В моем отсеке едут старушка с усатым сыном, схожие выражением терпеливого ожидания и неуютной скованностью движений, и такой же окостенелый дед. Иногда они обмениваются размеренными ватными фразами, но в основном молчат. Самые удачные попутчики, потому что мне хочется спокойно посидеть и кое-что записать. В следующем отсеке обсуждающие политику пенсионеры, дальше четыре неподвижно застывшие под одеялами женские фигуры, ближняя – старуха в пуховом платке, засунутом под шерстяную кофту и торчащем наружу на животе (выясняется, когда она, охая, ковыляет к титану за кипятком).

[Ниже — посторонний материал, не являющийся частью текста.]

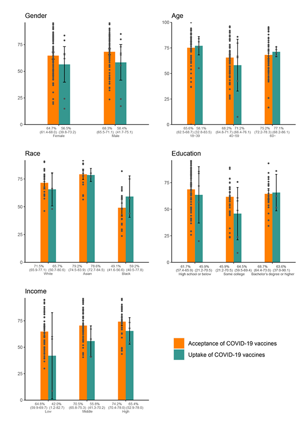 圖3. 成人亞組之間新冠疫苗接受度和接種率的比較

Дальше компания краснощеких украинских строителей, едущих в Москву на заработки, с непременной курицей в фольге, уже постепенно напивающихся. Ряд ног в побелевших на подошвах носках. Покачивающийся ад.
Я сажусь за боковой столик, беру у проводницы стакан чая и пишу, в потрепанном уже месяцами путешествий блокноте.
Устав, залезаю на полку, пытаясь читать Чапека, но чешский, хоть и похож на словацкий, дается мне с трудом, сосредоточиться не удается, и я засыпаю, до качнувшего толчка остановки.
Ко мне подходит старушка с варениками и вполголоса говорит:
«Мужчина, хочете вареников? По гривне отдам!»
Благодарный за ее сдержанность, я покупаю вареники, кефир и поднимаюсь в вагон.
Минут через сорок после Житомира двое строителей покачиваясь выходят куда-то, наверное, в вагон-ресторан, потом один из них возвращается, хватаясь за поручни и злобно бормоча что-то, и залезает на полку. Вскорости появляются двое ментов, волоча его спутника за скомканный в кулаке шиворот свитера, попутно спрашивают проводницу: «Ваш?», потом: «Где второй?». Тот вскакивает, и стоит, покачиваясь и сонно моргая. Мент толкает его в грудь назад, и (немного непоследовательно) орет:
«Спать, сука!»
Въехав в Киев, поезд изгибается длинной гусеницей, и мимо окна плывет разлив Днепра, окаймленного лесистыми холмами, среди которых белеют стройные колокольни Лавры.
В Киеве я покупаю бутылку пива, выпиваю ее за своим столиком, немного пишу, а потом вспоминаю, что забыл купить сигарет.
По вагону идет грузная женщина, толкая тележку с водой, печеньем и пивом. Потом она почему-то застревает в середине вагона, загородив тележкой проход. Я подхожу, и вижу, что она уже пьет вытащенную из нижнего потайного яруса тележки водку, в компании лысоватых мужчин лет сорока.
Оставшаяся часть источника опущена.